> Activity: Omit every picture. Return all other data as it stands.

> Source data:
##############################

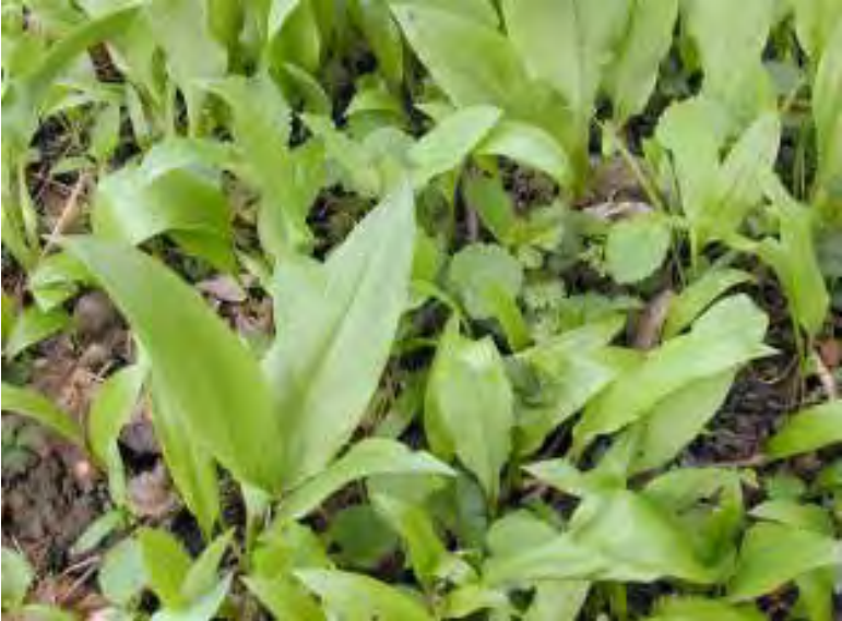
Recinto 02 - Parco del Castello di Racconigi (Cn), 04 aprile 2004 Allium ursinum : una delle specie identificate all'interno del recinto
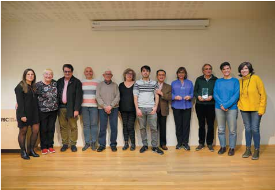
Foto de família amb premiats, organitzadors, jurat i autoritats.
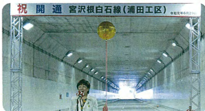
6月29日 宮沢根白石線浦田工区が開通し、北根交差点から4号バイパスが直接つながりました。
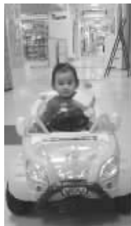
妈咪给我买了辆粉色小汽车,开心
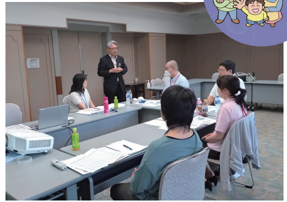
2日間で7人の郵便局職員が受講しました
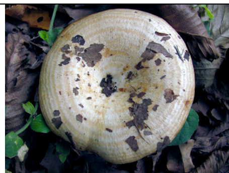
LACTARIUS EVOSMUS 3
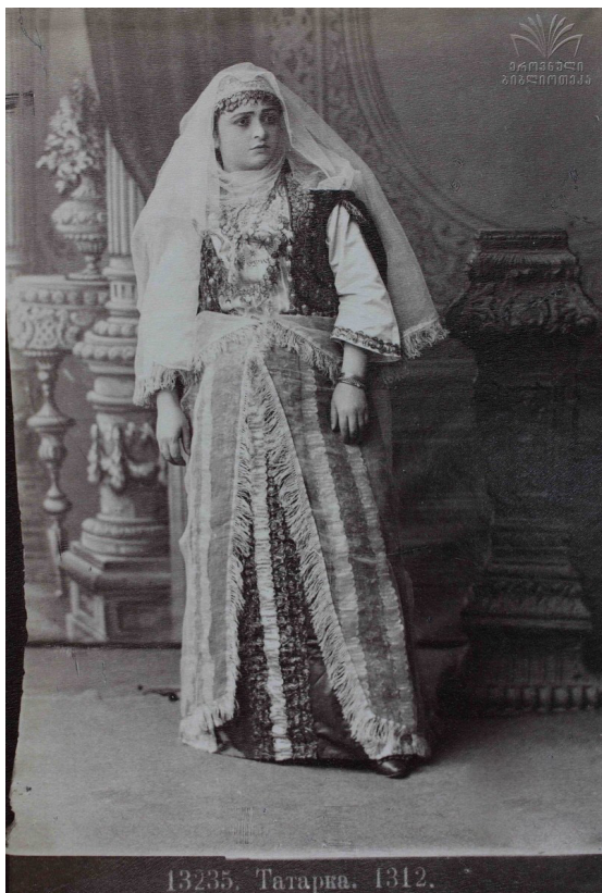
“თათახი გოგო”

1801 წელს, იმპერატორის ბრძანებით, ქართლ-კახეთის სამეფო გაუქმდა და რუსეთის იმპერიის შემადგენლობაში შევიდა. შედეგად, ბორჩალოს მხარეში ინერგება რუსული ადმინისტრაცია. ამავე პერიოდში რეგიონში არსდება რამდენიმე გერმანული კოლონია. რუსეთ-თურქეთის ომის შემდეგ ბორჩალოს მხარეში სახლდებიან ეთნიკური ბერძნებიც. მაზრა მეტად მრავალეთნიკური გახდა. 1880 წელს ამ ტერიტორიაზე შეიქმნა ბორჩალოს მაზრა (ცენტრით დაბა შულავერში), რომელიც მოიცავდა დღევანდელი წალკის, მანგლისის, თეთრიწყაროს, დმანისის, ბოლნისის, მარნეულის ტერიტორიას.

##############################

> Solution below:
Recinto 02 - Parco del Castello di Racconigi (Cn), 04 aprile 2004 Allium ursinum : una delle specie identificate all'interno del recinto
Foto de família amb premiats, organitzadors, jurat i autoritats.
6月29日 宮沢根白石線浦田工区が開通し、北根交差点から4号バイパスが直接つながりました。
妈咪给我买了辆粉色小汽车,开心
2日間で7人の郵便局職員が受講しました
LACTARIUS EVOSMUS 3
“თათახი გოგო”

1801 წელს, იმპერატორის ბრძანებით, ქართლ-კახეთის სამეფო გაუქმდა და რუსეთის იმპერიის შემადგენლობაში შევიდა. შედეგად, ბორჩალოს მხარეში ინერგება რუსული ადმინისტრაცია. ამავე პერიოდში რეგიონში არსდება რამდენიმე გერმანული კოლონია. რუსეთ-თურქეთის ომის შემდეგ ბორჩალოს მხარეში სახლდებიან ეთნიკური ბერძნებიც. მაზრა მეტად მრავალეთნიკური გახდა. 1880 წელს ამ ტერიტორიაზე შეიქმნა ბორჩალოს მაზრა (ცენტრით დაბა შულავერში), რომელიც მოიცავდა დღევანდელი წალკის, მანგლისის, თეთრიწყაროს, დმანისის, ბოლნისის, მარნეულის ტერიტორიას.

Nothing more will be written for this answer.